Sony Acquires Gaikai

 In Acquisition/Investment, News, Sony

Gaikai’s E3 meeting room in 2011.

JULY 2, 2012 • A month removed from the Electronic Entertainment Expo one of the bigger rumors from the show has come to pass: Sony Computer Entertainment has acquired cloud streaming service Gaikai for $380 million. With plenty of electronic devices that can benefit from Gakai’s network, the acquisition is clear win for Sony at a modest cost investment. Sony fully intends to utilize Gaikai as the foundation of its own cloud delivery service. What Sony will not state is what happens to Gaikai’s content agnostic focus, the service’s existing retail contracts to provide game demos, as well as the recently announced deal to provide the foundation for Samsung’s cloud gaming service.

Impact: This is a major deal because it shows Sony’s long term commitment to the games business. The thing about services like Gaikai and OnLive is you still need a screen.  In the case of Gaikai, the service was also about driving users to buy a full version of the product for their specific hardware device.  So in this case Sony is a good fit because they have multiple hardware devices and a service like Gaikai can help tie them together and also bring in users to the PlayStation brand that do not own a Sony hardware device. However this does not necessarily mean Sony’s competitors will rush to acquire the OnLive streaming service, which is focused on delivering content to PCs or a proprietary device connected to TVs. Microsoft already has its Azure cloud computing platform that is reportedly being considered for use in Xbox hardware, and Nintendo has not been strongly focused on the cross platform issue which is a big reason for Sony’s purchase of Gaikai.
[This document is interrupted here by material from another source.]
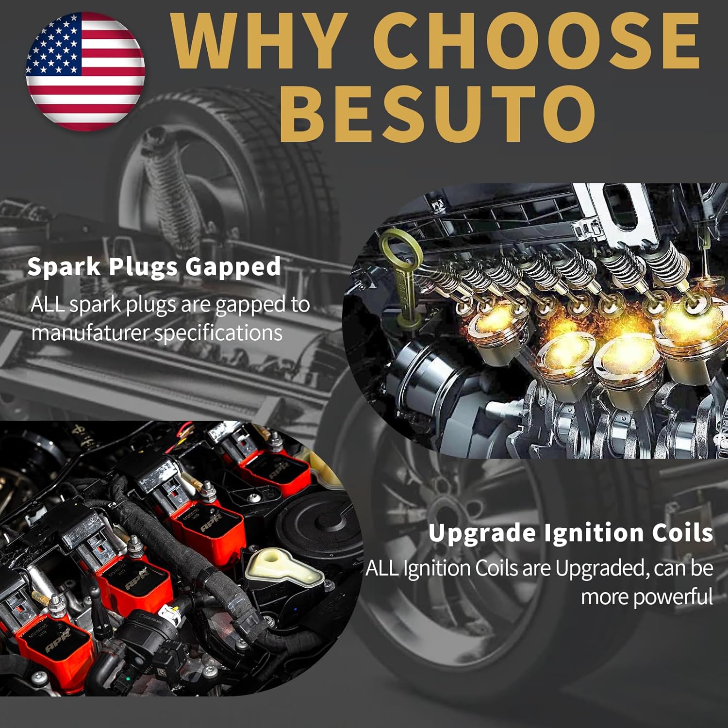 As bobinas de ignição Besuto são construídas para atender ou superar as especificações originais do equipamento (OE), oferecendo confiabilidade e desempenho elevados. O uso de fio de cobre altamente condutivo e epóxi de alto desempenho dielétrico assegura uma conectividade excelente e uma longa vida útil.

As for Gaikai’s existing business, certainly there is the potential for Sony to treat it as a new revenue center, regardless how big or small, where third parties can advertise games paying Sony for bandwidth time using Gaikai’s exact model. Whether Sony chooses to pursue that or not, adding Gaikai to the PlayStation brand certainly gives Sony a robust upgrade in cloud infrastructure that could be very valuable now and down to road.  Overall, DFC sees this as a purchase about planning for the future.